### ACTION ITEM
In the records below, repeat exactly the lines between the line holding "繊細なアーチカットが施された" and the line holding "text_fieldsകർഫ്യൂ പ്രഖ്യാപിച്ച ശ്രീനഗറിൽ", inclusive, and drop the pictures.

### SUPPLIED DATA
________________

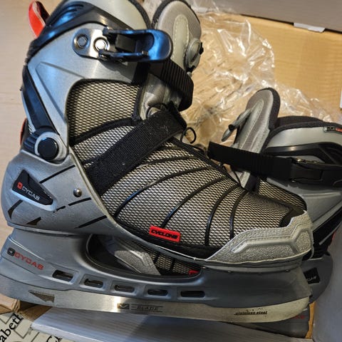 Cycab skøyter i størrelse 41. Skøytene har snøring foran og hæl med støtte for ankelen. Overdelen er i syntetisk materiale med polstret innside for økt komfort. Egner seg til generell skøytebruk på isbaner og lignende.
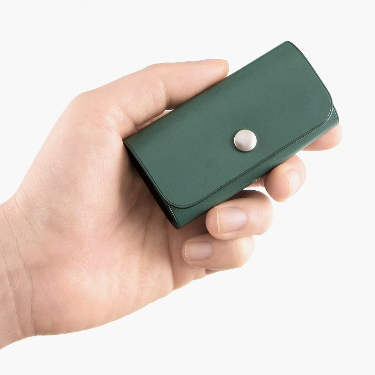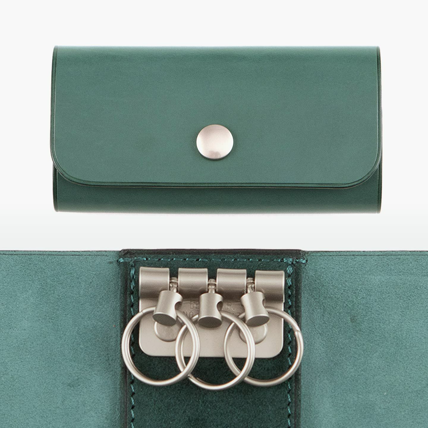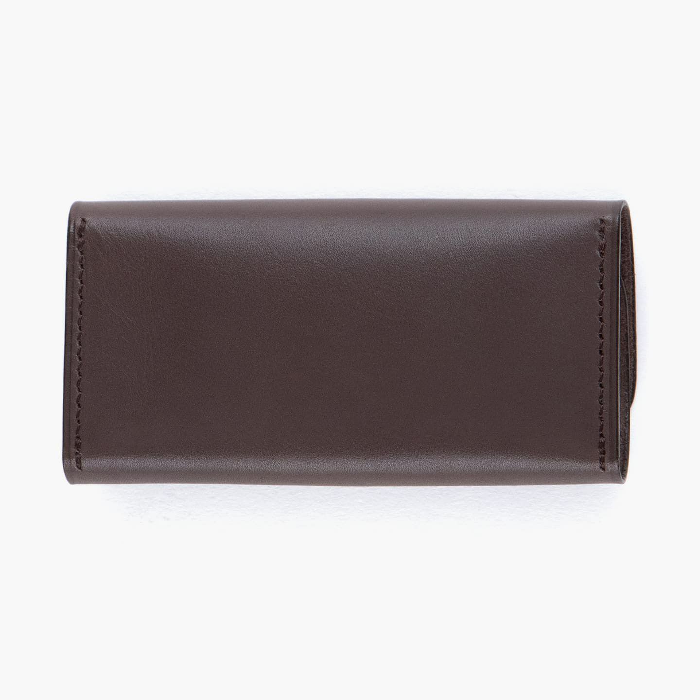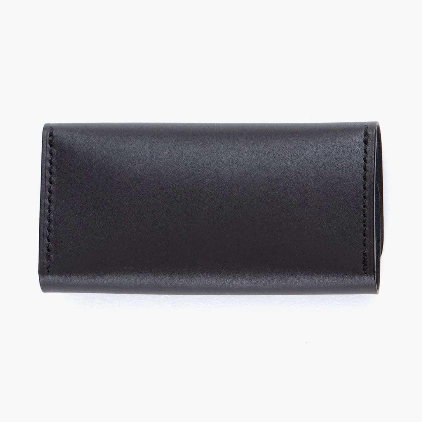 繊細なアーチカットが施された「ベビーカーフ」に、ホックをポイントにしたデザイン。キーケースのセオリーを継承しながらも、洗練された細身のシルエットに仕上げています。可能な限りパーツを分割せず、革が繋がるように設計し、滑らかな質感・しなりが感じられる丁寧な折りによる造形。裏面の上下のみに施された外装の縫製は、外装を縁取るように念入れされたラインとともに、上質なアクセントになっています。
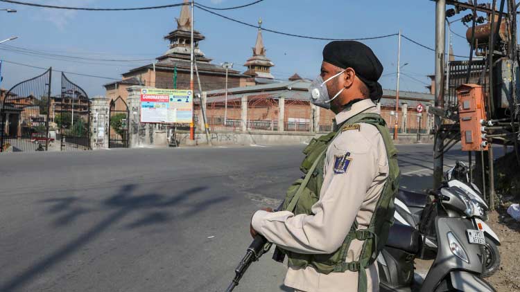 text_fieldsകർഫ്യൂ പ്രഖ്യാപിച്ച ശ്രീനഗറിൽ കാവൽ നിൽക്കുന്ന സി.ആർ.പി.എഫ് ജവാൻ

________________

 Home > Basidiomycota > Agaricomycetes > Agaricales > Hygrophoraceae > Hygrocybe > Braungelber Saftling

________________

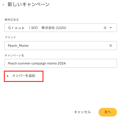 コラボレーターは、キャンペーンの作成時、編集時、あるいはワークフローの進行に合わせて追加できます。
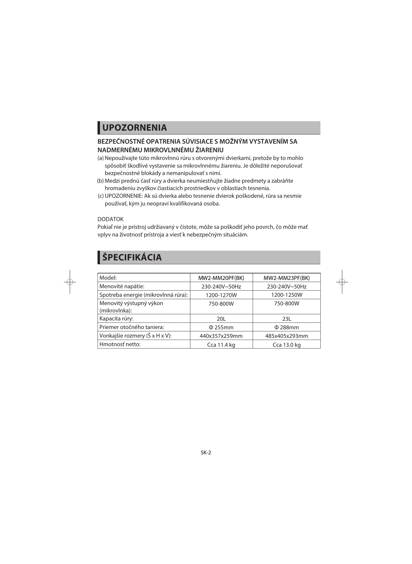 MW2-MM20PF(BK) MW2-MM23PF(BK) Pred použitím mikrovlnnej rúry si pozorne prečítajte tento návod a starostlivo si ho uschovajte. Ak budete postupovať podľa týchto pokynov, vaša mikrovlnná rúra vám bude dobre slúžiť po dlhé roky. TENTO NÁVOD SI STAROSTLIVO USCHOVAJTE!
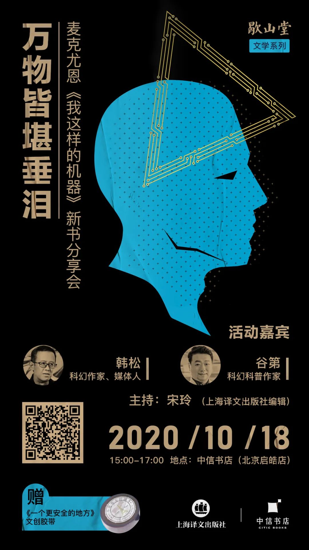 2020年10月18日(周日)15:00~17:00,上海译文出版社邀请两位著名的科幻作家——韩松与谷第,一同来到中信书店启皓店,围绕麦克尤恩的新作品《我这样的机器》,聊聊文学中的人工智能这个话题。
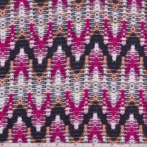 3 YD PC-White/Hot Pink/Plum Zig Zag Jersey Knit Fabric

________________

### SOLUTION TO THE EXERCISE
 繊細なアーチカットが施された「ベビーカーフ」に、ホックをポイントにしたデザイン。キーケースのセオリーを継承しながらも、洗練された細身のシルエットに仕上げています。可能な限りパーツを分割せず、革が繋がるように設計し、滑らかな質感・しなりが感じられる丁寧な折りによる造形。裏面の上下のみに施された外装の縫製は、外装を縁取るように念入れされたラインとともに、上質なアクセントになっています。
 text_fieldsകർഫ്യൂ പ്രഖ്യാപിച്ച ശ്രീനഗറിൽ കാവൽ നിൽക്കുന്ന സി.ആർ.പി.എഫ് ജവാൻ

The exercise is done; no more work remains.